**TASK REQUIREMENTS**
The records must be duplicated exactly, with every picture left out.

**RECORDS FOR THIS TASK**
★ ★ ★ ★ ★

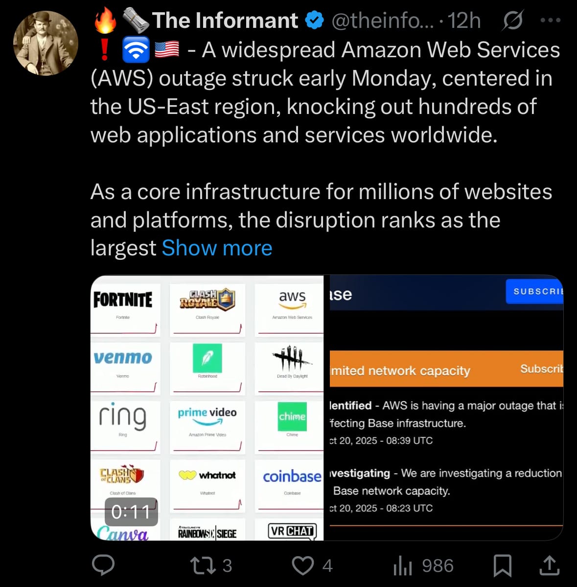 - On October 20, 2025, Amazon Web Services (AWS) faced a significant global outage starting in the morning, affecting many websites and apps such as Snapchat, Ring, Signal, Coinbase, and Robinhood. The problem mainly hit the US-EAST-1 region in Northern Virginia, impacting over 2,000 companies and causing issues in services like DynamoDB, SQS, and EC2 networking. Users saw errors when trying to access platforms, and Downdetector recorded thousands of reports, but no safety threats or data losses were identified. The outage came from a fault in a main database directory service, causing downtime of up to 15 hours before everything was fixed.
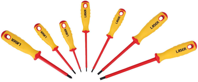 Szigetelt, 1000 V-ig használható csavarhúzó készlet. Ergonomikus markolat PP - TPR anyagból a kényelmes fogásért. Használható: 1500 V DC váltakozó és 1000 V AC egyenáramnál. VDE tanúsítvánnyal. Méretek: - lapos: 3 mm x 100 mm, 4 mm x 100 mm, 5.5 mm x 125 mm, 6.5 mm x 150 mm - kereszt: PH0 x 60 mm, PH1 x 80 mm, PH2 x 100 mm Súly: 500 g Szín: piros-sárga Anyag: acél + műanya
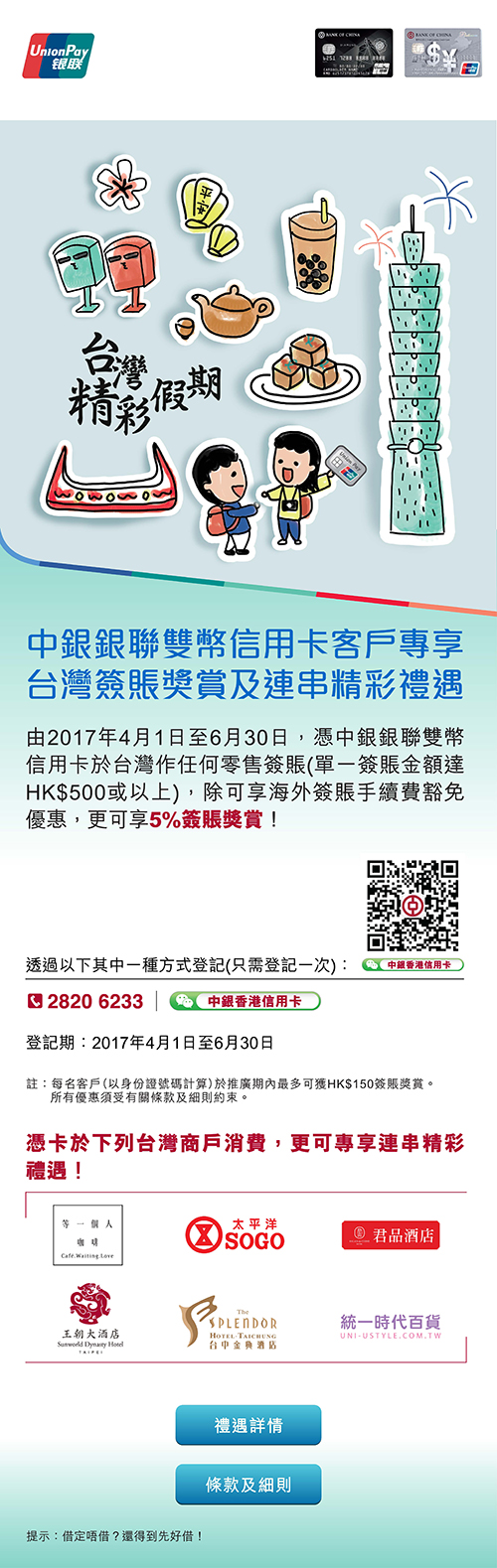 中銀銀聯雙幣信用卡客戶専享台灣5%簽賬獎賞及精彩禮遇
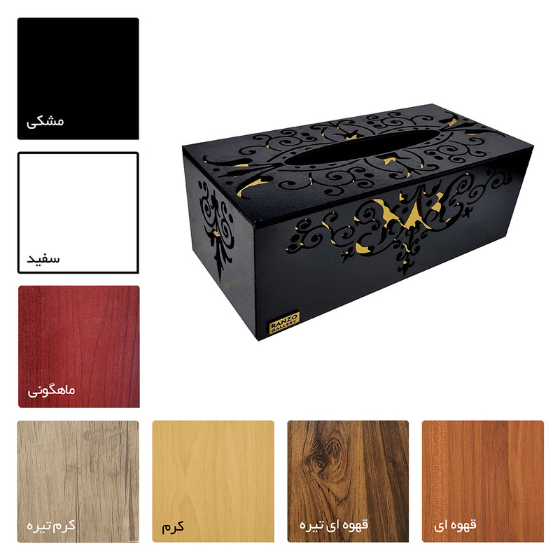 نگهدارنده دستمال کاغذی رانزو گالری کد 002 با طراحي خاص و اختصاصي خود از محصولات پر طرفدار مجموعه رانزو بوده و همانند ديگر محصولات ما ويژگي هايي دارد که اين محصول را از ساير محصولات بازار متمايز ميکند.از جمله ويژگي های مهم آن همانطور که در تصاویر مشخص شده ميتوان به ساخت شدن قسمتهای مختلف این محصول بصورت دولایه برای استحکام و ماندگاری بیشتر اشاره کرد.وجود لوگو اختصاصي رانزو گالري روي محصول و درب کشویی زیر آن برای قرار دادن و جابجایی راحت دستمال و وجود قسمت های طلایی رنگ روی کار که جلوه بصری خاصی به این محصول میدهد از ديگر ويژگي هاي آن است.
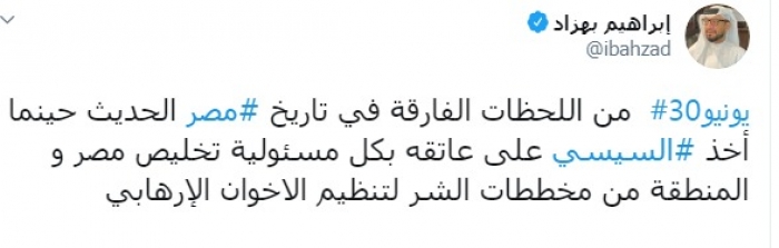 وكتب عبر تغريدة له على "تويتر" رصدها " المشهد العربي":"30يونيو من اللحظات الفارقة في تاريخ مصر الحديث حينما أخذ السيسي على عاتقه بكل مسئولية تخليص مصر و المنطقة من مخططات الشر لتنظيم الإخوان الإرهابي".
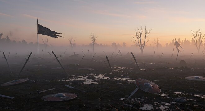 Eerie battlefield strewn with swords, shields, and tattered flags under a misty dawn sky
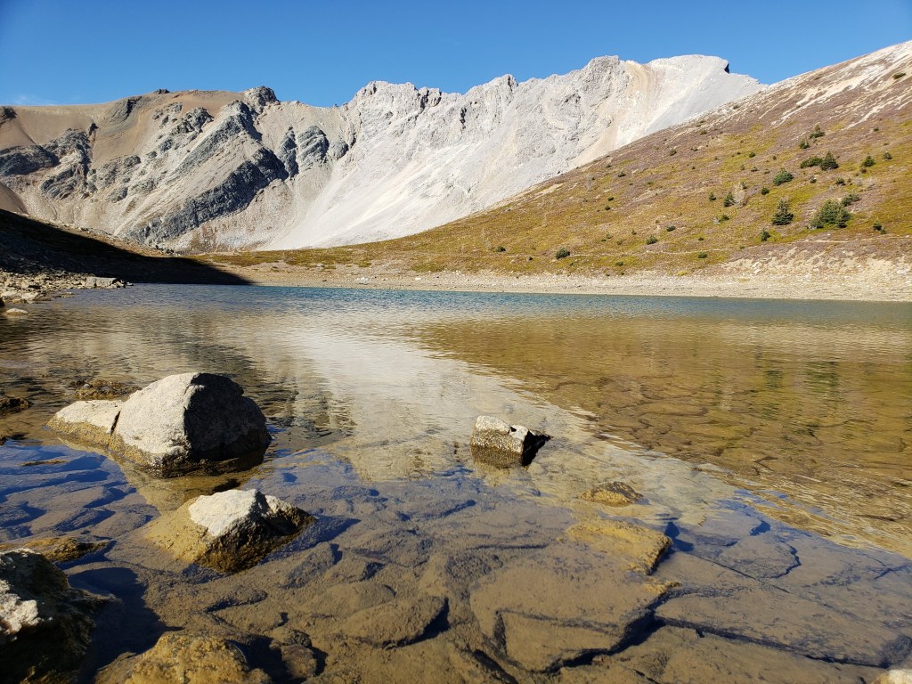 Mount Bourgeau is a pleasant day out with few difficulties. The distance looks lengthy on paper, but passes quickly on easy trail. One section before the summit is a bit rocky and might be considered easy scrambling. Because the approach trail is shared with Bourgeau Lake and Harvey Pass, parking tends to fill up early.
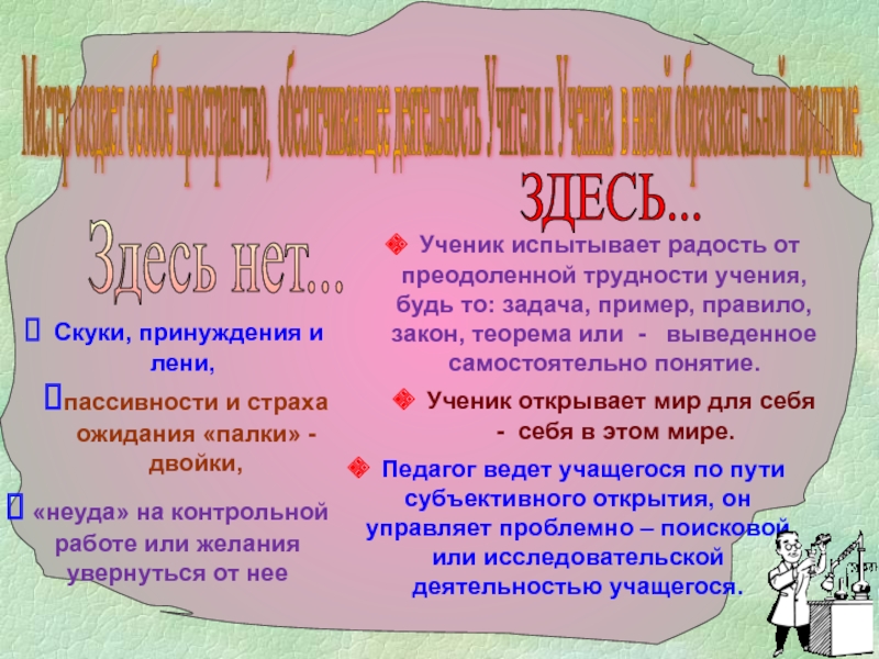 Педагог ведет учащегося по пути субъективного открытия, он управляет проблемно – поисковой или исследовательской деятельностью учащегося.
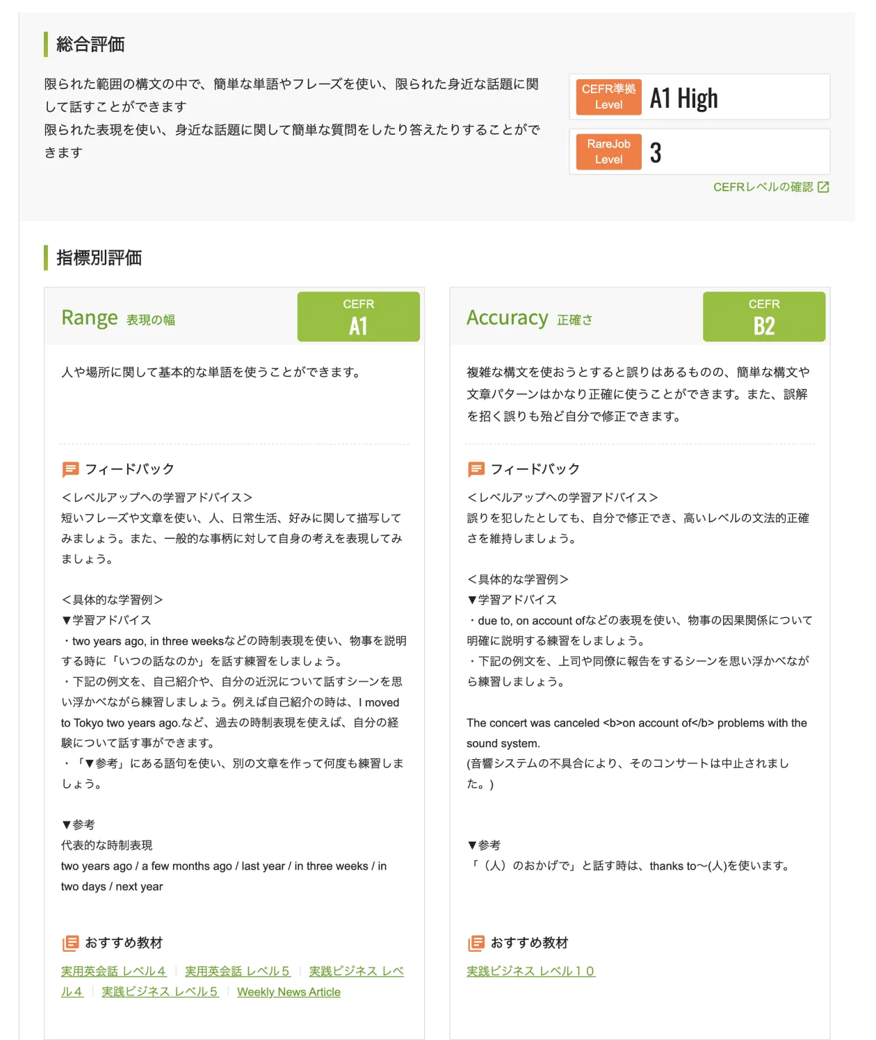 | 評価形式 | 総合評価:CEFR準拠(CEFR-J)レベル 、 指標別評価:CEFRが定義する6つの発話の質による評価項目に分けた評価 |

★ ★ ★ ★ ★

**FINAL ANSWER**
 - On October 20, 2025, Amazon Web Services (AWS) faced a significant global outage starting in the morning, affecting many websites and apps such as Snapchat, Ring, Signal, Coinbase, and Robinhood. The problem mainly hit the US-EAST-1 region in Northern Virginia, impacting over 2,000 companies and causing issues in services like DynamoDB, SQS, and EC2 networking. Users saw errors when trying to access platforms, and Downdetector recorded thousands of reports, but no safety threats or data losses were identified. The outage came from a fault in a main database directory service, causing downtime of up to 15 hours before everything was fixed.
 Szigetelt, 1000 V-ig használható csavarhúzó készlet. Ergonomikus markolat PP - TPR anyagból a kényelmes fogásért. Használható: 1500 V DC váltakozó és 1000 V AC egyenáramnál. VDE tanúsítvánnyal. Méretek: - lapos: 3 mm x 100 mm, 4 mm x 100 mm, 5.5 mm x 125 mm, 6.5 mm x 150 mm - kereszt: PH0 x 60 mm, PH1 x 80 mm, PH2 x 100 mm Súly: 500 g Szín: piros-sárga Anyag: acél + műanya
 中銀銀聯雙幣信用卡客戶専享台灣5%簽賬獎賞及精彩禮遇
 نگهدارنده دستمال کاغذی رانزو گالری کد 002 با طراحي خاص و اختصاصي خود از محصولات پر طرفدار مجموعه رانزو بوده و همانند ديگر محصولات ما ويژگي هايي دارد که اين محصول را از ساير محصولات بازار متمايز ميکند.از جمله ويژگي های مهم آن همانطور که در تصاویر مشخص شده ميتوان به ساخت شدن قسمتهای مختلف این محصول بصورت دولایه برای استحکام و ماندگاری بیشتر اشاره کرد.وجود لوگو اختصاصي رانزو گالري روي محصول و درب کشویی زیر آن برای قرار دادن و جابجایی راحت دستمال و وجود قسمت های طلایی رنگ روی کار که جلوه بصری خاصی به این محصول میدهد از ديگر ويژگي هاي آن است.
 وكتب عبر تغريدة له على "تويتر" رصدها " المشهد العربي":"30يونيو من اللحظات الفارقة في تاريخ مصر الحديث حينما أخذ السيسي على عاتقه بكل مسئولية تخليص مصر و المنطقة من مخططات الشر لتنظيم الإخوان الإرهابي".
 Eerie battlefield strewn with swords, shields, and tattered flags under a misty dawn sky
 Mount Bourgeau is a pleasant day out with few difficulties. The distance looks lengthy on paper, but passes quickly on easy trail. One section before the summit is a bit rocky and might be considered easy scrambling. Because the approach trail is shared with Bourgeau Lake and Harvey Pass, parking tends to fill up early.
 Педагог ведет учащегося по пути субъективного открытия, он управляет проблемно – поисковой или исследовательской деятельностью учащегося.
 | 評価形式 | 総合評価:CEFR準拠(CEFR-J)レベル 、 指標別評価:CEFRが定義する6つの発話の質による評価項目に分けた評価 |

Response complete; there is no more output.